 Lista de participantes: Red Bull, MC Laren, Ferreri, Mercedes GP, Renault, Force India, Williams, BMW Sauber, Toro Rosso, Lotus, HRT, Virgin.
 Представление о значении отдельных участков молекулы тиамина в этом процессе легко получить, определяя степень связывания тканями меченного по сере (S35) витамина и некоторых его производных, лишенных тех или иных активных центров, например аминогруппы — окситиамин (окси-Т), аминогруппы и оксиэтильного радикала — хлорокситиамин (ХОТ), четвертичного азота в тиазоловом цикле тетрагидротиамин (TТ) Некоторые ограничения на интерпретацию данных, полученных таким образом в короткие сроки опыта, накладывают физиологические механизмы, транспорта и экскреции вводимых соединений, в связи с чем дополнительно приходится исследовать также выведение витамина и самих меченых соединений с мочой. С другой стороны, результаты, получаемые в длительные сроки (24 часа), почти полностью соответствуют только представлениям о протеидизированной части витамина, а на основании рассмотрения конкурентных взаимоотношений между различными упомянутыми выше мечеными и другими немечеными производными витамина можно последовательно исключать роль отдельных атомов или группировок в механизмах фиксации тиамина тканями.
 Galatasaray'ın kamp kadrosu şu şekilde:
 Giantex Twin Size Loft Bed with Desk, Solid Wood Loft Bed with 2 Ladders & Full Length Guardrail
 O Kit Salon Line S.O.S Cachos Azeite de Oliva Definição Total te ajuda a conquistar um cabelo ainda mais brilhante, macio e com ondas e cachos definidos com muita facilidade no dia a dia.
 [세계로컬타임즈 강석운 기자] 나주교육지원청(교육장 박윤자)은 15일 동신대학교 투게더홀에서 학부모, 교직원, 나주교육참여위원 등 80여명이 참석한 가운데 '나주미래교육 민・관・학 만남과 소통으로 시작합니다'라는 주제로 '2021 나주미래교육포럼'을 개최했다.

...

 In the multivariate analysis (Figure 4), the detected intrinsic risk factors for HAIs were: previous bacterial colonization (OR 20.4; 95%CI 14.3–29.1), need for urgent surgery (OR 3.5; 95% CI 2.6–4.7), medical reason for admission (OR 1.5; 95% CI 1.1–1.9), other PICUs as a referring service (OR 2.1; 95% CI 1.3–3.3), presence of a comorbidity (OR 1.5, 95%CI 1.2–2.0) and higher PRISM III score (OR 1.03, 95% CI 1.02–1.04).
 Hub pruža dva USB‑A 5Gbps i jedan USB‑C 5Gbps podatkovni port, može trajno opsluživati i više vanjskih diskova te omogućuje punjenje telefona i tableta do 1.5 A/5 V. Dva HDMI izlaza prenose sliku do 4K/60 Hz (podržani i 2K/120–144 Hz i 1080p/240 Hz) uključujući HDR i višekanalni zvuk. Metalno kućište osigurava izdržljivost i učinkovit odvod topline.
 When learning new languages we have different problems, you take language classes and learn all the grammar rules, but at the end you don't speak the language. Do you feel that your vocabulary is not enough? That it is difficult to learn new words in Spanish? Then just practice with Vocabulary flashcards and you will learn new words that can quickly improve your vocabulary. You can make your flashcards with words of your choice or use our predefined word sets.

* * *

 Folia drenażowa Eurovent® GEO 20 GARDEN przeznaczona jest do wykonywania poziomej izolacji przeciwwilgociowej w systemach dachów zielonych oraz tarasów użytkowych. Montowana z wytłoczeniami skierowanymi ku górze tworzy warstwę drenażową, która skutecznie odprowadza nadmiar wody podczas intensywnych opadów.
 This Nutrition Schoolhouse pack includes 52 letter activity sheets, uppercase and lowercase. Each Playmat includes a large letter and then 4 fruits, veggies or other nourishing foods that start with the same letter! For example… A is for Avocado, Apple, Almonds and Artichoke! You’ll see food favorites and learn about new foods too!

• Exercise details:
Going down the listing above, begin printing at the line with "Представление о значении" and finish with the line with "[세계로컬타임즈 강석운 기자]", exactly as they appear.

• Answer for the task:
 Представление о значении отдельных участков молекулы тиамина в этом процессе легко получить, определяя степень связывания тканями меченного по сере (S35) витамина и некоторых его производных, лишенных тех или иных активных центров, например аминогруппы — окситиамин (окси-Т), аминогруппы и оксиэтильного радикала — хлорокситиамин (ХОТ), четвертичного азота в тиазоловом цикле тетрагидротиамин (TТ) Некоторые ограничения на интерпретацию данных, полученных таким образом в короткие сроки опыта, накладывают физиологические механизмы, транспорта и экскреции вводимых соединений, в связи с чем дополнительно приходится исследовать также выведение витамина и самих меченых соединений с мочой. С другой стороны, результаты, получаемые в длительные сроки (24 часа), почти полностью соответствуют только представлениям о протеидизированной части витамина, а на основании рассмотрения конкурентных взаимоотношений между различными упомянутыми выше мечеными и другими немечеными производными витамина можно последовательно исключать роль отдельных атомов или группировок в механизмах фиксации тиамина тканями.
 Galatasaray'ın kamp kadrosu şu şekilde:
 Giantex Twin Size Loft Bed with Desk, Solid Wood Loft Bed with 2 Ladders & Full Length Guardrail
 O Kit Salon Line S.O.S Cachos Azeite de Oliva Definição Total te ajuda a conquistar um cabelo ainda mais brilhante, macio e com ondas e cachos definidos com muita facilidade no dia a dia.
 [세계로컬타임즈 강석운 기자] 나주교육지원청(교육장 박윤자)은 15일 동신대학교 투게더홀에서 학부모, 교직원, 나주교육참여위원 등 80여명이 참석한 가운데 '나주미래교육 민・관・학 만남과 소통으로 시작합니다'라는 주제로 '2021 나주미래교육포럼'을 개최했다.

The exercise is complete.